Ik kijk om me heen en hoop dat niemand naar me kijkt. Ik voel mijn gezicht gloeien. Maar bij iedereen worden de eigendommen op precies dezelfde manier bevoeld. Ik kan de oudgedienden van de nieuwelingen onderscheiden.

Terwijl de nieuwelingen blozen, zweten en zo nu en dan tegen hun behandeling protesteren, zijn de oudgedienden ontspannen. Ze kletsen tegen elkaar, roken sigaretten, negeren de beambten, zwaaien naar elkaar: ‘Waar ben jij geweest?’, ‘Hoe was jouw reis?’, ‘Kom je straks een biertje met ons drinken?’

‘Hebt u buitenlands geld?’ Mijn brookies en sportbeha, op een gênante manier niet kinderlijk maar ook niet helemaal volwassen, worden tevoorschijn gehaald en uitgeschud, alsof er geld uit hun plooien zou kunnen vallen.

‘Nee.’

De beambten fronsen argwanend hun wenkbrauwen: ‘Hoe wilt u dan rondkomen in ons land?’
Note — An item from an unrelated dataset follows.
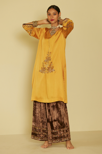 Featuring Yellow Arya Kurta Set by Sarang Kaur by Meera Collection. This ensemble features a satin silk kurta paired with velvet pants in a radiant yellow hue. Perfect for special occasions, it blends luxurious comfort with elegant design, epitomizing Sarang Kaur's distinctive craftsmanship.

‘Mijn vader en moeder,’ zeg ik, terwijl mijn stem hees wordt van de bijna-tranen.

Ik storm ademloos de dampende, vochtige lucht van de luchthaven binnen, waar mama, papa en Vanessa zich zijn gaan vervelen, wachtend tot ik op zou duiken. Mama zit te lezen, Vanessa is naar buiten gedwaald en doet een handstand op een lapje gras bij een bed met felgekleurde canna-lelies, papa zit te roken en naar het plafond te staren.

Onze brieven worden gecensureerd, knullig opengescheurd en gelezen door de vetvingerige immigratiebeambten bij het postkantoor, zodat ze tegen de tijd dat we ze krijgen vol vlekken, vingerafdrukken en kreukels zitten en ze naar gebakken vis, cola met broodjes, en chips (het kantoorvoedsel van Afrika) ruiken. We mogen alleen opbellen als de telefonist in Liwonde dienst heeft zodat onze telefoongesprekken afgeluisterd kunnen worden. Als de telefonist de rest van de dag vrij neemt, thuiszit met malaria of een begrafenis bijwoont, kunnen we niet opbellen.

Ik kan me niet herinneren dat iemand in dat huis een telefoontje pleegde of ontving. De telefonist van Liwonde en zijn gezin moeten wel een akelig slechte gezondheid hebben gehad.